Analysts Raise Targets On Asian Paints After Q3 But Stay Cautious Over Margin

Here’s what the analysts have to say about Asian Paints' third-quarter results...

Asian Paints container sit outside a hardware shop in Mumbai (Photo: BloombergQuint)

Analysts raised price targets on Asian Paints Ltd. after third quarter but remained cautious over its margin.

India’s largest paintmaker saw a 62% year-on-year jump in net profit at Rs 1,265.3 crore in the October-December period. Its revenue rose 25% while margin expanded to 26.3% from 21.9% a year ago. The company reported its highest-ever revenue, profit and Ebitda during the quarter.

The company’s domestic decorative business posted volume growth of more than 30%, led by premium and luxury portfolios.

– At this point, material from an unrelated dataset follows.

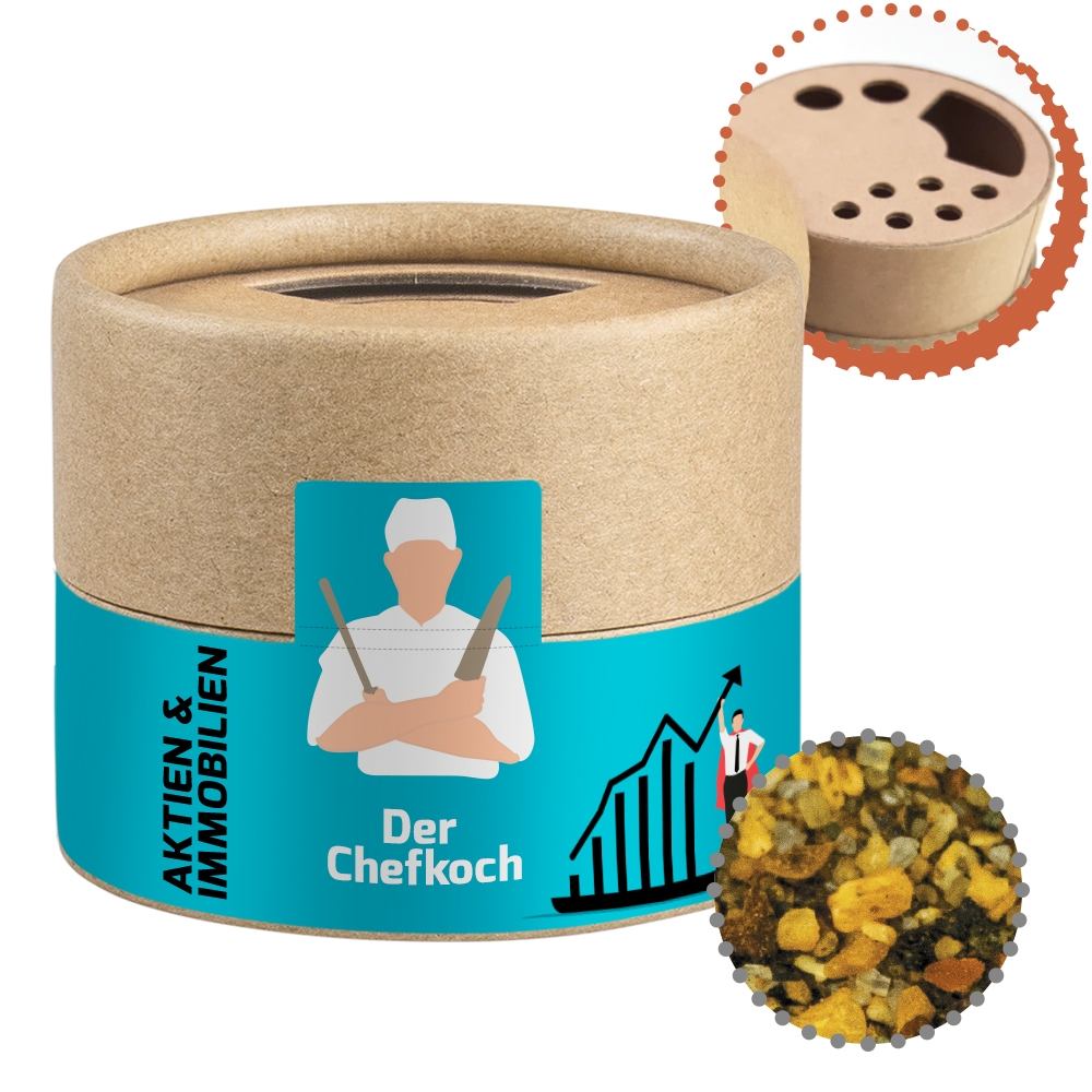 Artikel-Nr: FNM01872Kraftpapierstreuer Mini aus Papier. Werbeanbringung als Etikett in 4c individuell bedruckbar. Zutaten Gewürzmischung Steak Pfeffer: Pfeffer, Meersalz, Roh-Rohrzucker, Zwiebeln, Knoblauch, Chillies, Paprika, Liebstöckel, Rapsöl, Rauch

“The recovery was supported by new construction and renovation as well as robust festive demand,” Amit Syngle, managing director and chief executive officer at Asian Paints, said during a conference call after the third-quarter results. “Strong growth in paints segment due to continued growth in tier 2, 3 and 4 and rebound in demand from tier 1 cities… The quarter witnessed strong growth projects and large institutional sales.”

Syngle also said raw material inflation is on an upswing with crude prices going up, but the company needs to see if costs sustain at these higher levels before deciding on any price change.

Still, analysts expect the company’s margin to face pressure amid rising crude and other input costs. Of the 39 analysts tracking the stock, 16 recommend a ‘buy’, 10 have a ‘hold’ rating and 13 suggest a ‘sell’. The stock is trading 6.2% higher than its 12-month Bloomberg consensus price target of Rs 2,507.

Shares of Asian Paints fell as much as 2.5% to Rs 2,648.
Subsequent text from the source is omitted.